COMMITTEE AMENDMENT ADOPTED
March 21, 2017
S. 428
S. Printed 3/21/17--S.
Read the first time February 16, 2017.
TO AMEND SECTION 12-6-2295(A) OF THE 1976 CODE, RELATING TO ITEMS INCLUDED AND EXCLUDED FROM TERMS "SALES" AND "GROSS RECEIPTS", TO PROVIDE THAT RECEIPTS FROM THE PROVISION OF DIRECT BROADCAST SATELLITE SERVICE ARE ATTRIBUTABLE TO THIS STATE IN PRO RATA PROPORTION OF THE COSTS OF PERFORMING THE SERVICE.
Amend Title To Conform
Whereas, the provision of direct broadcast satellite service is a national business that produces income from activities undertaken both within and outside of this State; and
Whereas, South Carolina law and the Constitution of the United States require that the income direct broadcast satellite service providers be fairly apportioned in relation to the benefits and advantages provided by each State; and
Whereas, fair apportionment of business income, ease of income taxation compliance, and the predictability of income taxation promote commerce within this State; and
Whereas, the Department of Revenue has apportioned the income of direct broadcast satellite service providers for income taxation purposes based upon the location of its customers, in a manner contrary to the General Assembly's intent and existing law. Now, therefore,
Be it enacted by the General Assembly of the State of South Carolina:
SECTION 1. Section 12-6-2295(A) of the 1976 Code is amended to read:
"(A) The terms 'sales' as used in Section 12-6-2280 and 'gross receipts' as used in Section 12-6-2290 include, but are not limited to, the following items if they have not been separately allocated:
(1) receipts from the sale or rental of property maintained for sale or rental to customers in the ordinary course of the taxpayer's trade or business including inventory;
(2) receipts from the sale of accounts receivable acquired in the ordinary course of trade or business for services rendered or from the sale or rental of property maintained for sale or rental to customers in the ordinary course of the taxpayer's trade or business if the accounts receivable were created by the taxpayer or a related party. For purposes of this item, a related person includes a person that bears a relationship to the taxpayer as described in Section 267 of the Internal Revenue Code;
(3) receipts from the use of intangible property in this State including, but not limited to, royalties from patents, copyrights, trademarks, and trade names;
(4) net gain from the sale of property used in the trade or business. For purposes of this subsection, property used in the trade or business means property subject to the allowance for depreciation, real property used in the trade or business, and intangible property used in the trade or business which is:
(a) not property of a kind that properly would be includible in inventory of the business if on hand at the close of the taxable year; or
(b) held by the business primarily for sale to customers in the ordinary course of the trade or business;
(5) receipts from services if the entire income-producing activity is within this State. If the income-producing activity is performed partly within and partly without this State, sales are attributable to this State to the extent the income-producing activity is performed within this State;
(6) receipts from the sale of intangible property which are unable to be attributed to any particular state or states are excluded from the numerator and denominator of the factor.;
(7) receipts from the provision of direct broadcast satellite service that are attributable to this State in pro rata proportion of the costs of performing the service, including the costs of acquiring programming distribution rights and constructing and maintaining distribution infrastructure, that the service provider incurs within this State. As used in this subsection, the term 'direct broadcast satellite service' means the distribution or broadcasting of programming or services by satellite directly to the subscriber's premises without the use of ground receiving or distribution equipment, except at the subscriber's premises or in the uplink process to the satellite."

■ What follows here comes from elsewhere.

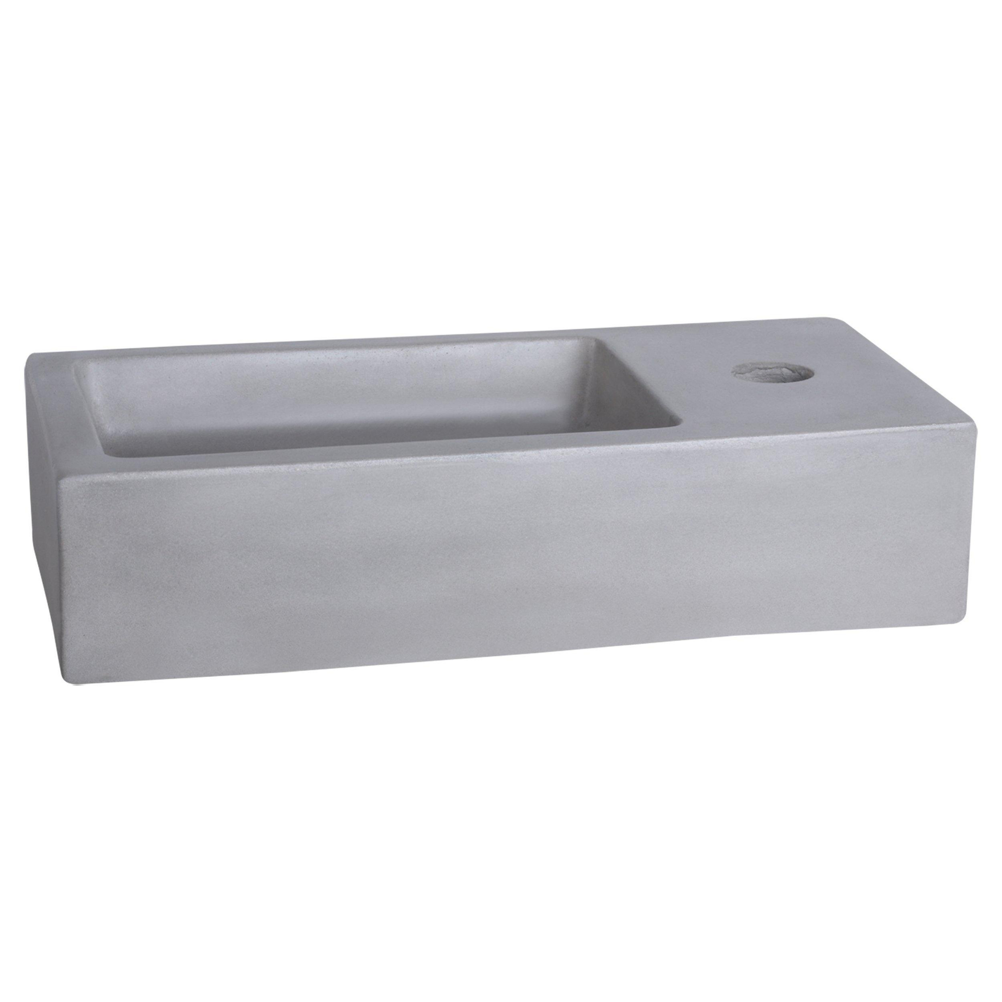 Differnz Ravo fonteinset - 38.5x18.5x9cm - Rechthoek - 1 kraangat - Gebogen koperen kraan - kruisgreep - Beton Grijs

SECTION 2. Section 12-14-60(G) of the 1976 Code is amended to read:
"(G) The credit allowed by this section for investments made after June 30, 1998, is limited to no more than five million dollars annually for an entity subject to the license tax as provided in Section 12-20-100."
SECTION 3. This act takes effect upon approval by the Governor and applies to all open tax periods excluding assessments under judicial review as of the date of the Governor's approval.